Exponential acceleration of collective quantum tunneling in the transverse field Ising model using high frequency AC drives (Part 1)

Macroscopic quantum tunneling (MQT), where an extensive number of quantum degrees of freedom change configuration simultaneously to cross a large intermediate energy barrier, is a spectacular, and elusive, phenomenon in many-body physics. Because MQT rates generically decay exponentially in system size, they are naturally very slow, and extremely sensitive to noise, control error and other similar issues. As MQT transitions also act as a bottleneck to quantum optimization algorithms, accelerating MQT is of significant scientific and practical interest. In this talk, we build on the concept of Symphonic Tunneling introduced in Mossi et al (arXiv:2306.10632), where MQT is accelerated by tuning AC fields based on details of the underlying system, to consider very high frequency drives.

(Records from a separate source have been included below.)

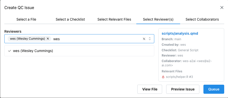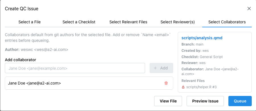 Collaborators appear in the preview card and are carried into the queued issue.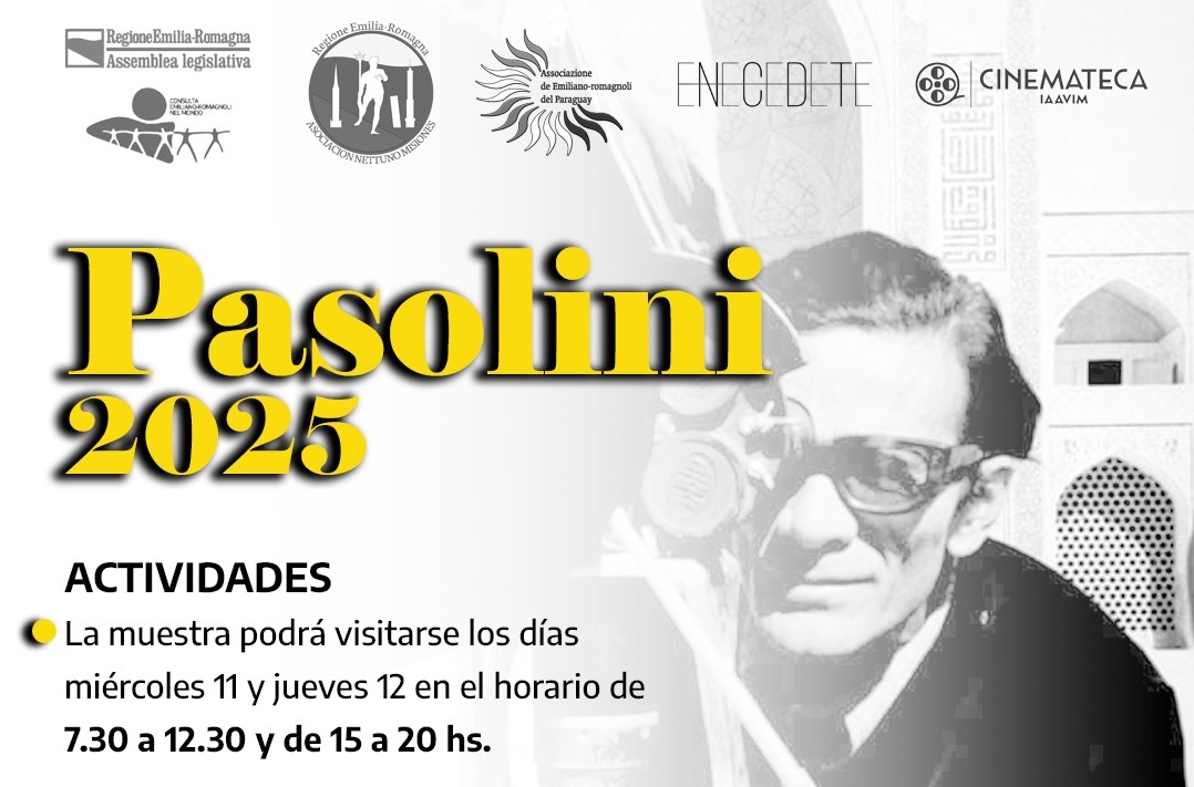 Este martes 10 de junio se inaugura la muestra “Pasolini 2025” en el Museo Yaparí de Posadas, organizada por la Asociación Nettuno, con curaduría de Néstor Saied. Estará disponible -con acceso libre-, hasta el 15 de junio e incluye fotografías inéditas, afiches, lecturas en italiano, conferencia y proyección de cine con “Edipo Rey”.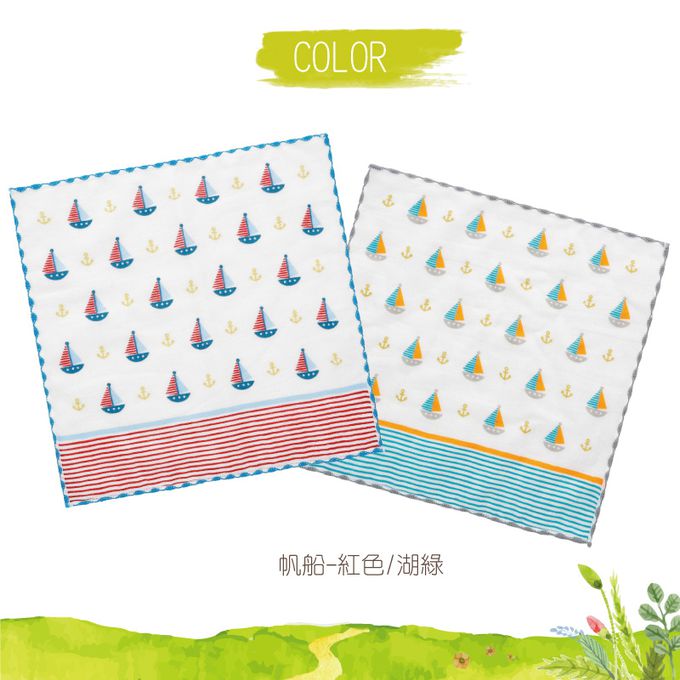 童話抗菌紗布小方巾-帆船-紅色+綠色 (26x26cm)-6入組

We consider the ferromagnetic N-spin transition in transverse field Ising models, and show that if the amplitude and frequency of the drive is allowed to increase logarithmically in system size, the collective tunneling rate between ferromagnetic states can cross over from exponential to polynomial (empirically, linear) in system size, without meaningfully heating the system. We discuss the theoretical derivation of this effect in 1d, and its extension to higher dimensions.